Рюрик и Геля спустились в станцию метро. Следом за ними спустился молодой человек в квадратных очках и в дубленке. Он подсказал через мальчика имя императрицы.

Сегодня давали «Короля Лира». Геля не любила спектакль за то, что она играла в нем в тяжелом шерстяном платье. Да еще на спектакле часто сидел главреж Илья Гаврилович Снисаревский с хронометром и карманным фонариком. Фонариком посылает сигналы актерам. Геля прикрыла глаза. Повторяла текст, повторяла в уме точно наигранные жесты. Не могла, не умела импровизировать. Все выучивала до деталей. Может быть, с Гелей это происходило оттого, что лично ей нечего открыть зрителям? «Ты наряжена в театр, как в платье», – сказал Леня Потапов. Он сказал правду, хотел Геле помочь. Леня поразительно честный и добрый. И он конечно же прав. И Геля это теперь с каждым днем все отчетливее понимает. Рюрик сидел напротив Гели вольно, свободно, будто в «Хижине» у Саши Нифонтова. У Рюрика – успех, и по справедливости. А такие вот актеры, как Геля, требуют для себя объяснения или – вернее сказать – уточнений; не умеют решать проблемы динамически, наглухо зависят от пространственного мира. Это все Рюрик о ней, о мире и о себе.

Сейчас пригласят на сцену. Ладони у Гели совсем влажные. Где припрятана бумажная салфетка? Надо вытереть ладони и слегка, чтобы не повредить грим, промокнуть лоб. Актер должен позабыть запах грима. Геле достичь хотя бы секунды согласия в самой себе и с окружающим.

Зарычит лев – с этого начинается спектакль. В зале замигает карманный фонарик Ильи Гавриловича, заработает его хронометр.

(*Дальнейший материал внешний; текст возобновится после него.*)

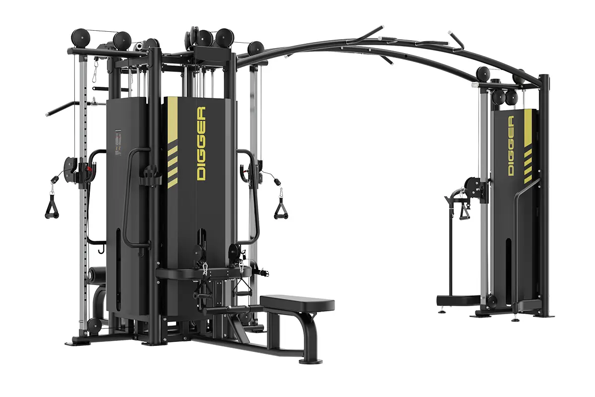Тренажер включает в себя станцию для тяги сверху, станцию для гребной тяги, станцию для жима ногами и две кабельные колонны, что позволяет одновременно заниматься на тренажере до пяти пользователей. Инженерные особенности конструкции многофункциональной блочной станции обеспечивают беспрецедентную биомеханику для максимально эффективных тренировок.

Геля почувствовала – у нее от напряжения запершило в горле, высох рот. Охватила боязнь оговорок. И так – каждый раз. За что это наказание, эти муки! Ну какая она актриса, индивидуальность, личность? Котлета… Сказано ведь: буфетчицей быть ей в театре, билетершей, ну, в лучшем случае, заведовать шумовыми эффектами. Все так медленно в ней раскручивается.

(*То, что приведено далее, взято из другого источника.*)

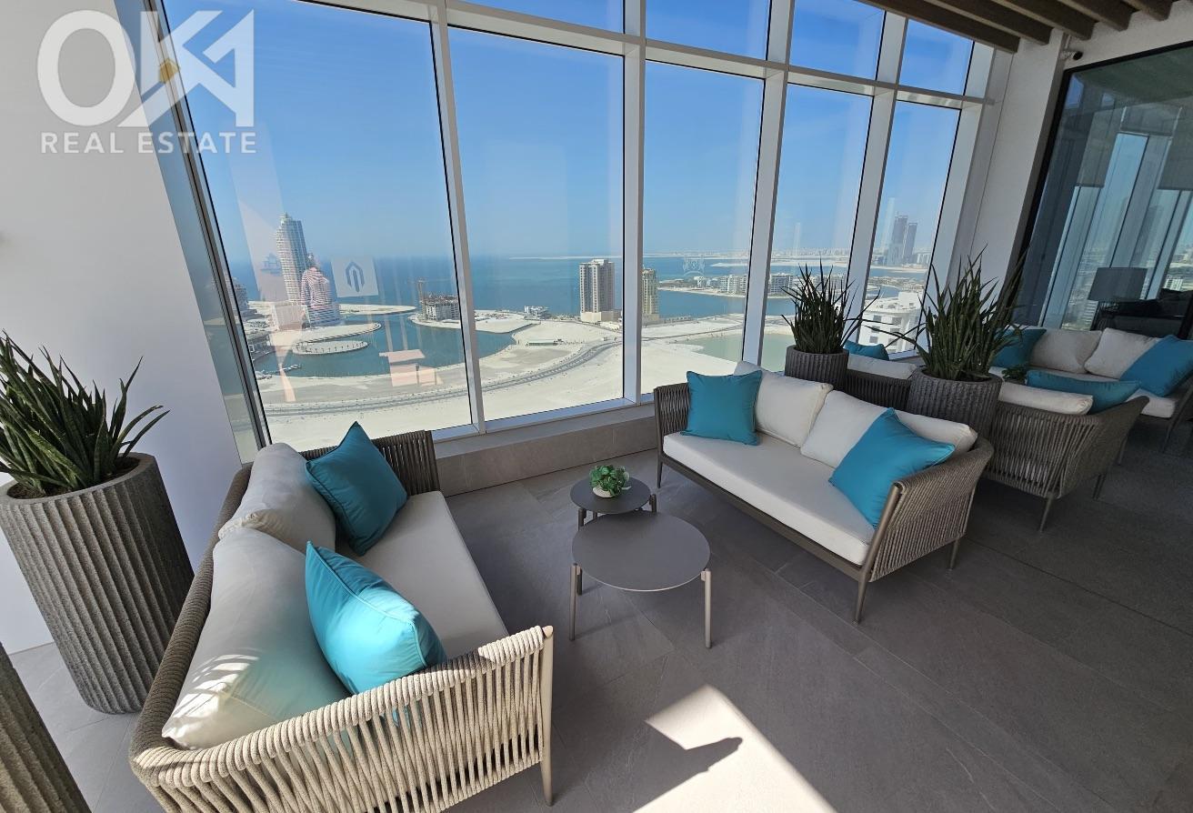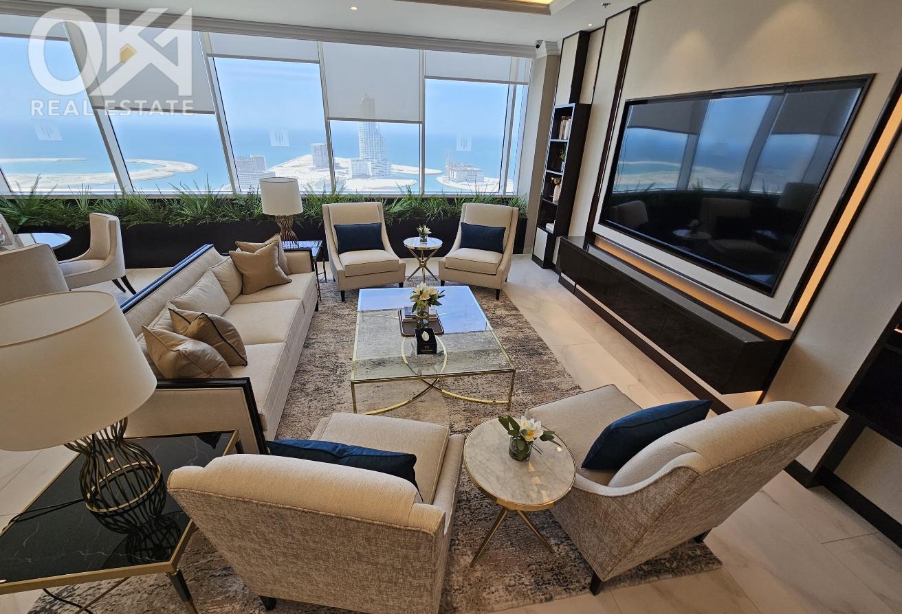 The apartment is thoughtfully designed and comes fully furnished with high-end finishes, open-plan living, and expansive windows that frame stunning sea and city skyline views.

Когда отыграли спектакль, разгримировались, переоделись, Рюрик подошел к Геле и сказал:

– Забери книгу, она мне портит привычную жизнь.

– Тебе? Портит?

– Со мной бывает.

– Что ты называешь привычной жизнью?

– Торчать под твоим балконТом.

– Грубый ты, Рюря.

– Я?

– Ты.

– Посоветуй, как жить дальше?

Геля в бессилии замолчала. Треснуть бы Рюрика по физиономии. Иногда так хочется.

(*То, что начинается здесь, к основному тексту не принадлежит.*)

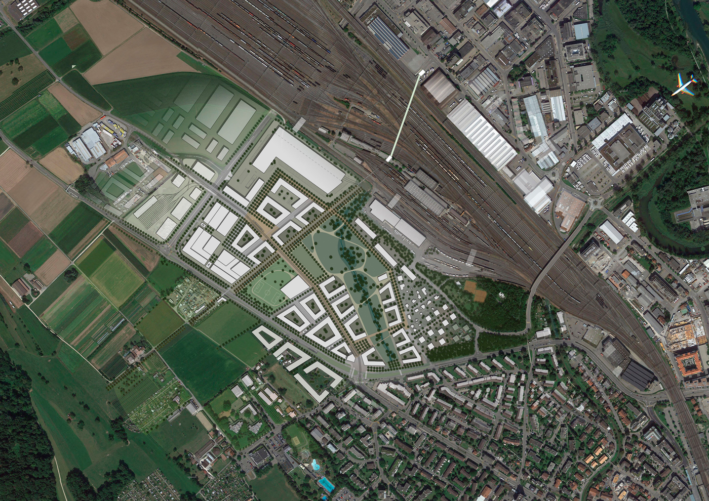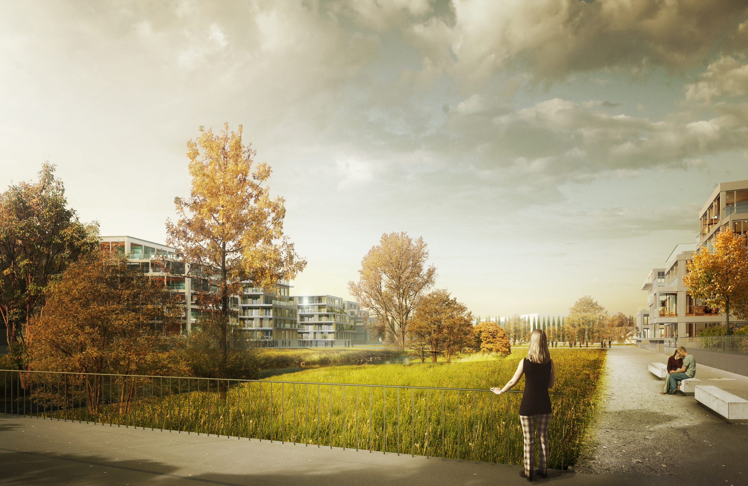 Das Konzept basiert auf der Anknüpfung des Areals an den Bestand, der Berücksichtigung von Sichtbezügen zu den umgebenden Hügelketten und der Aufnahme der bestehenden mosaikartigen Feldstruktur. Eine interne Ringerschliessung verbindet die drei Nachbarschaften, die sich um den zentralen Park mit Bachbett orientieren. Der hohe Nachhaltigkeitsstandard in allen Themenbereichen (Energie, Mobilität, Bauten, Freiraum) hat zum Ziel der Stadt Dietikon zum Nachhaltigkeitslabel “Energiestadt Label Gold” zu verhelfen.

– Честный я. До скукоты. Нет, – запротестовал Рюрик. – Отдай книгу! Она мне нужна.

«А я тебе нужна?» – Геле стало грустно.

– Я домой, – сказал Рюрик. – Не плачь, девушК! Не увеличивай сумму осадков.

«Заплачешь». И Геля тоже пошла домой. Она уставала от «Короля Лира». Да и не только она, все актеры. Рюрик и то устал. Может быть, Геля устает больше других, потому что катастрофически неталантлива. Мама любит пользоваться этим словом. Да, катастрофически. Идет, шатается, мокрая, как мышь. Ноги едва держат. Рюрик бросил и ушел. Не проводил даже до метро. Бандит. Мама права, когда называет его бандитом. Конечно, маме хотелось, чтобы Геля с Рюриком рассталась. А Геле не хочется потерять Рюрика.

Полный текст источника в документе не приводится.